Looking back and forth at the two of them, I decided to shut up.
The talk dragged on into the night, becoming more impassioned and less intelligible. The room smelled bad, and drinking was making the group less festive rather than more. The dog slept in a corner, snoring hard, an option that was starting to look better and better to me. Outside, the din of the cicadas rose to a fever pitch. Wylie sat in a corner muttering to Irina, his skinny legs tucked beneath him, Psyche asleep against his chest, a little fist flung up against his collarbone. I fell asleep, my head on Angus’s shoulder, and when I woke up everything was still the same.
Just after two, Angus stood up and stretched, which somehow brought a hush over the room. He spoke quietly, as if to himself, though he clearly knew everybody was watching him. “You know what makes me happy?” he said, then walked over to the window and pulled the duct-taped curtains aside to look out into the empty Albuquerque night. “Human extinction. We’ll be gone before long. We’ll ruin ourselves. No matter what anybody in this room does.”

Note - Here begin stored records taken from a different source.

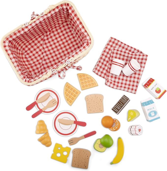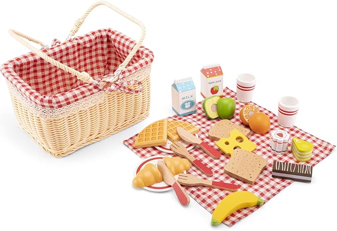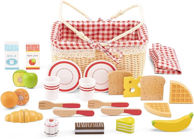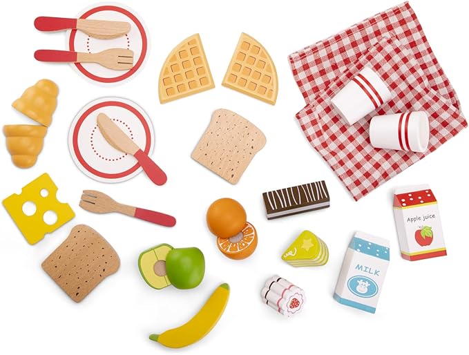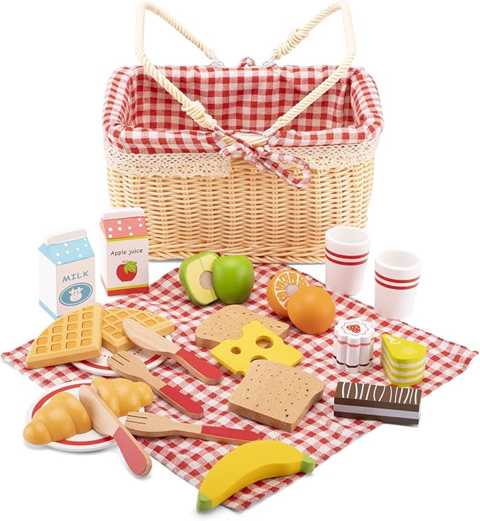 New Classic Toys Picnic Set - Pretend Play Toy for Kids Cooking Simulation Educational Toys and Color Perception Toy for Preschool Age Toddlers Boys Girls
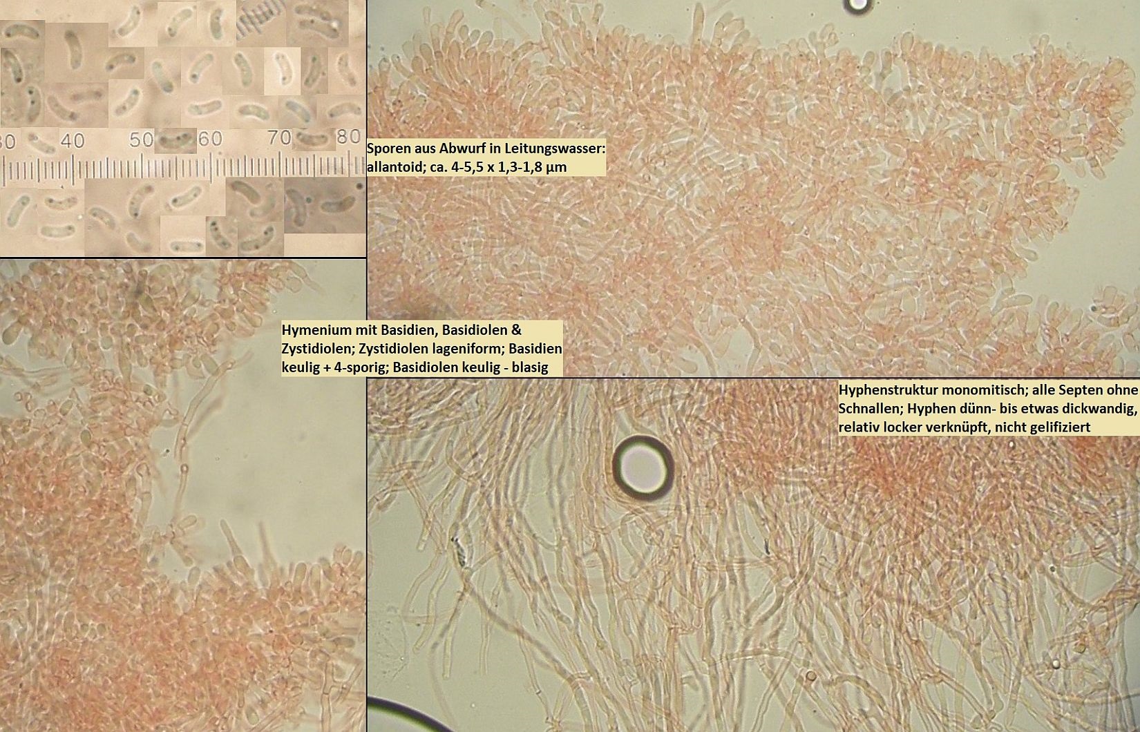 Bei beiden habe ich keine Sporen bis 6µm Länge messen können, wenn ich mich richtig erinnere. Aber die erste war eben schon recht alt, und die Sporen spärlich, die zweite vielleicht noch zu jung und die Sporen nicht ganz ausgereift.
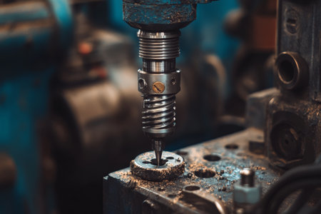 Focused cnc drill bit among complex machinery for high precision operations and craftsmanship

“Dude, you’re depressing me,” Stan said, sprawled on the floor.
Angus shook his head. I watched him idly, feeling flushed and a little dizzy from the gin. “It’s not depressing,” he said. “It’s a real consolation. When I can’t sleep at night, that’s what I think about. We’re a blip on the screen, except you know what? There is no screen. We’re the ones who invented blips and screens, and soon enough they’ll be gone too. And thank God.”
“That’s a rosy view,” I said. “Why even bother then?”
“Realism isn’t the same thing as paralysis,” Angus said, smiling around the room at everyone. “Besides, we might as well have a good time. What we need to do is take away the blip and the screen for a little while. What we need is a major event.”
“No shit,” Berto said.
Wylie leaned forward, still holding the baby. “A paradigm shift,” he said.
“A military action,” Stan said.
“A photo op,” Berto said.
Angus gazed at me with his bright blue eyes. “What did you say at the beginning of the summer?”
“Me? About what?”
“About Albuquerque.”
Tired and drunk, I frowned at him. I felt like I was being put on the spot, and didn’t like his showboating. “That it’s hot in summer?”
He shook his head.
“Full of chain restaurants? Hard to spell, for people who don’t live here? Located in the middle of nowhere?”